WHAT YOU HAVE TO DO:
Output the full listing below exactly; the images stay out.

GIVEN DATA:
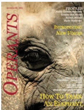
Quarter III, 2014 issue featured an archival photo on the back cover, which was taken in 1986 at Bad Kreuznach's Seminar. We asked our readers to help us identify people in the picture.
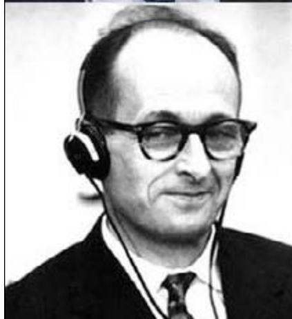
Heiko Maas (top) and his doppelgänger Adolf Eichmann (bottom) No scope for misplaced tolerance...

German consumers from too much tolerance since 17 December 2013 when he became minister. He is a leader in the Sozialdemokratische Partei Deutschlands .
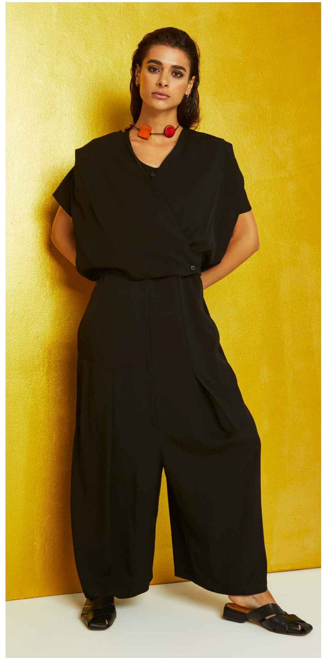
Gilet 8005 - Tuta 8001

THE ANSWER:
Quarter III, 2014 issue featured an archival photo on the back cover, which was taken in 1986 at Bad Kreuznach's Seminar. We asked our readers to help us identify people in the picture.
Heiko Maas (top) and his doppelgänger Adolf Eichmann (bottom) No scope for misplaced tolerance...

German consumers from too much tolerance since 17 December 2013 when he became minister. He is a leader in the Sozialdemokratische Partei Deutschlands .
Gilet 8005 - Tuta 8001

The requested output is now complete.